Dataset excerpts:
################

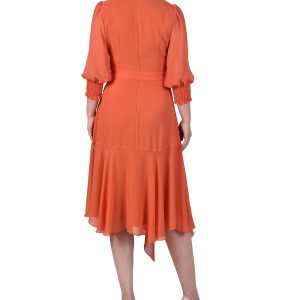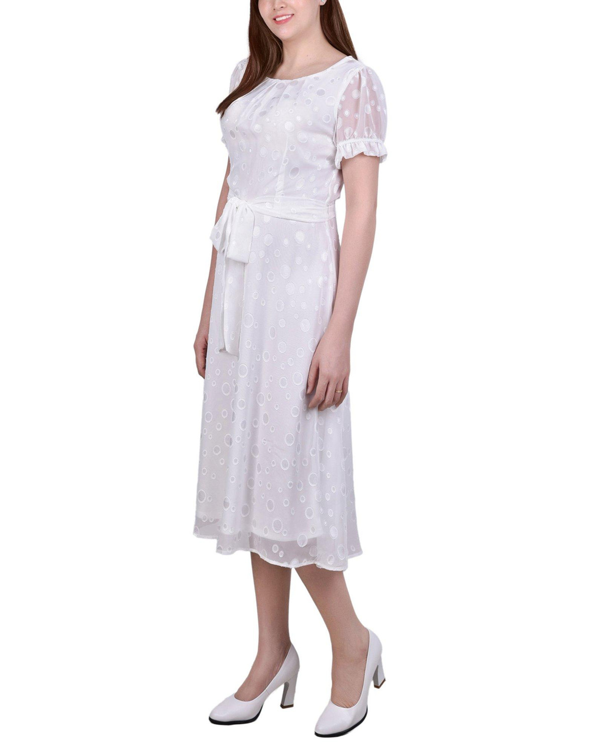 NY Collection Petite Swiss Dot Belted Midi Dress
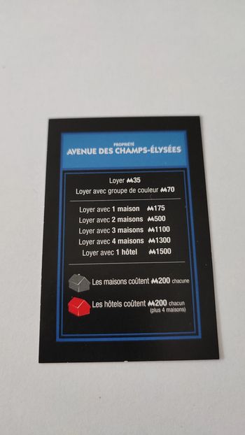 Carte Avenue des Champs-Elysées pièce jeu de société Monopoly mauvais perdants Hasbro Gaming #B77
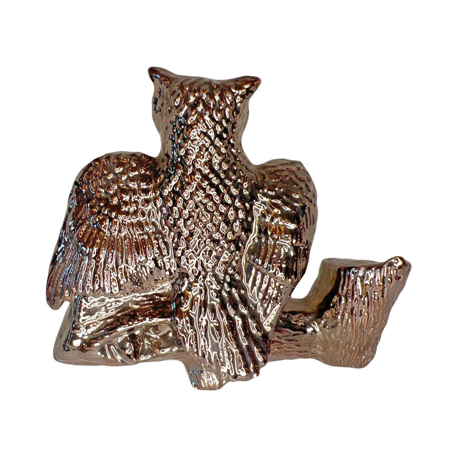 MCM VTG Metallic Glazed Ceramic Owl on Log 8.5"Hx10"Lx5"W
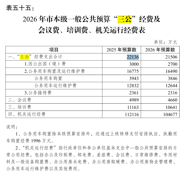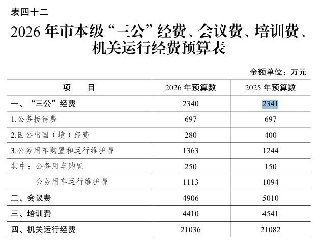 盐城也出现了类似情况。在2026年2月公布的《》中提到,“2026年市级一般公共预算安排的‘三公’经费总额4912万元,比2025年预算数5147万元减少235万元,下降4.57%”。然而,在2025年2月公布的《》中,写到“2025年市级一般公共预算安排的‘三公’经费总额4732万元,比上年预算5138万元减少406万元,下降7.8%。”
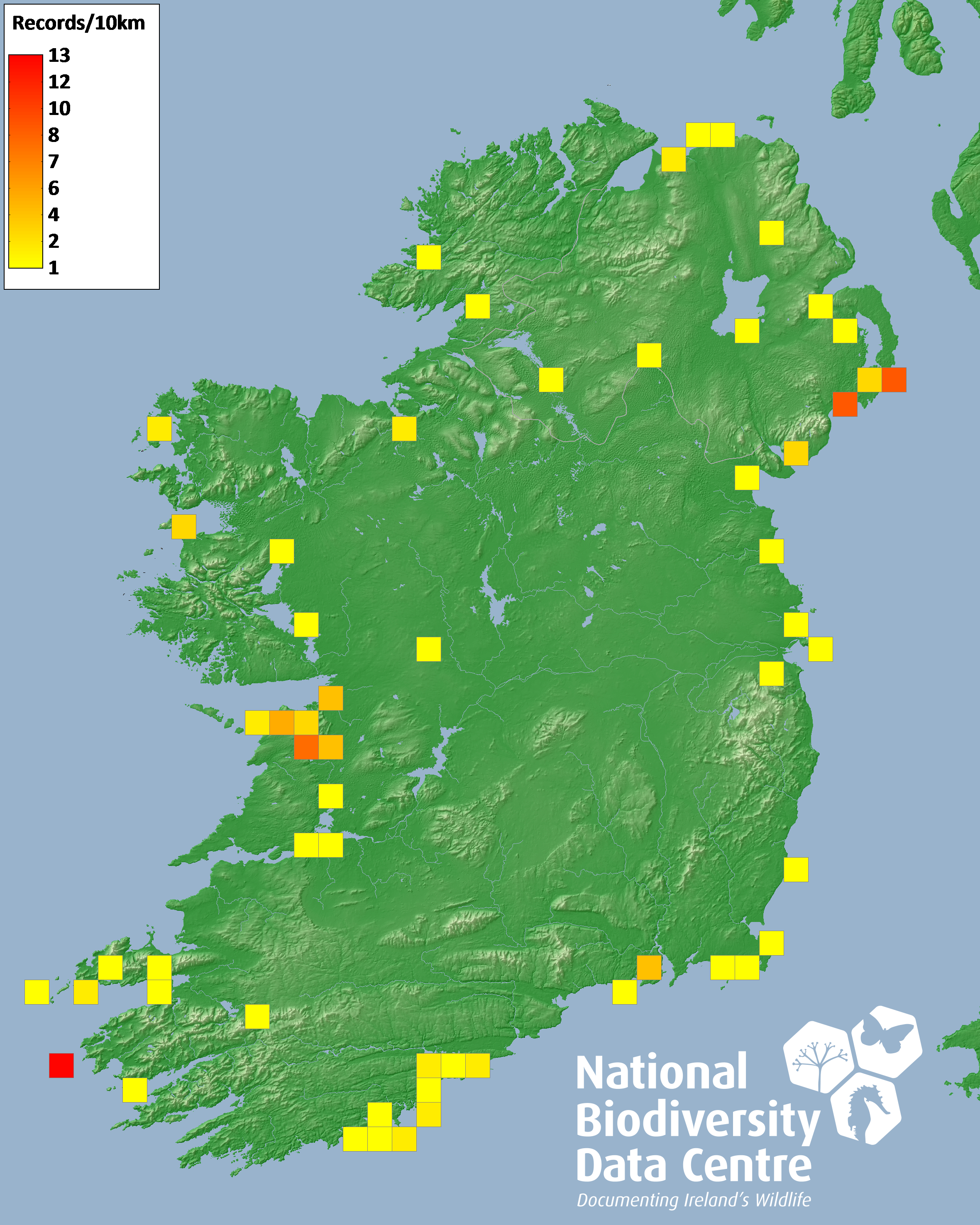 Distribution of the number of records recorded within each 10km grid square (ITM).Marine Map - 50km

################

**Your objective**
Before printing anything, remove the pictures; then print all the records exactly.

**Solution for this problem**
 NY Collection Petite Swiss Dot Belted Midi Dress
 Carte Avenue des Champs-Elysées pièce jeu de société Monopoly mauvais perdants Hasbro Gaming #B77
 MCM VTG Metallic Glazed Ceramic Owl on Log 8.5"Hx10"Lx5"W
 盐城也出现了类似情况。在2026年2月公布的《》中提到,“2026年市级一般公共预算安排的‘三公’经费总额4912万元,比2025年预算数5147万元减少235万元,下降4.57%”。然而,在2025年2月公布的《》中,写到“2025年市级一般公共预算安排的‘三公’经费总额4732万元,比上年预算5138万元减少406万元,下降7.8%。”
 Distribution of the number of records recorded within each 10km grid square (ITM).Marine Map - 50km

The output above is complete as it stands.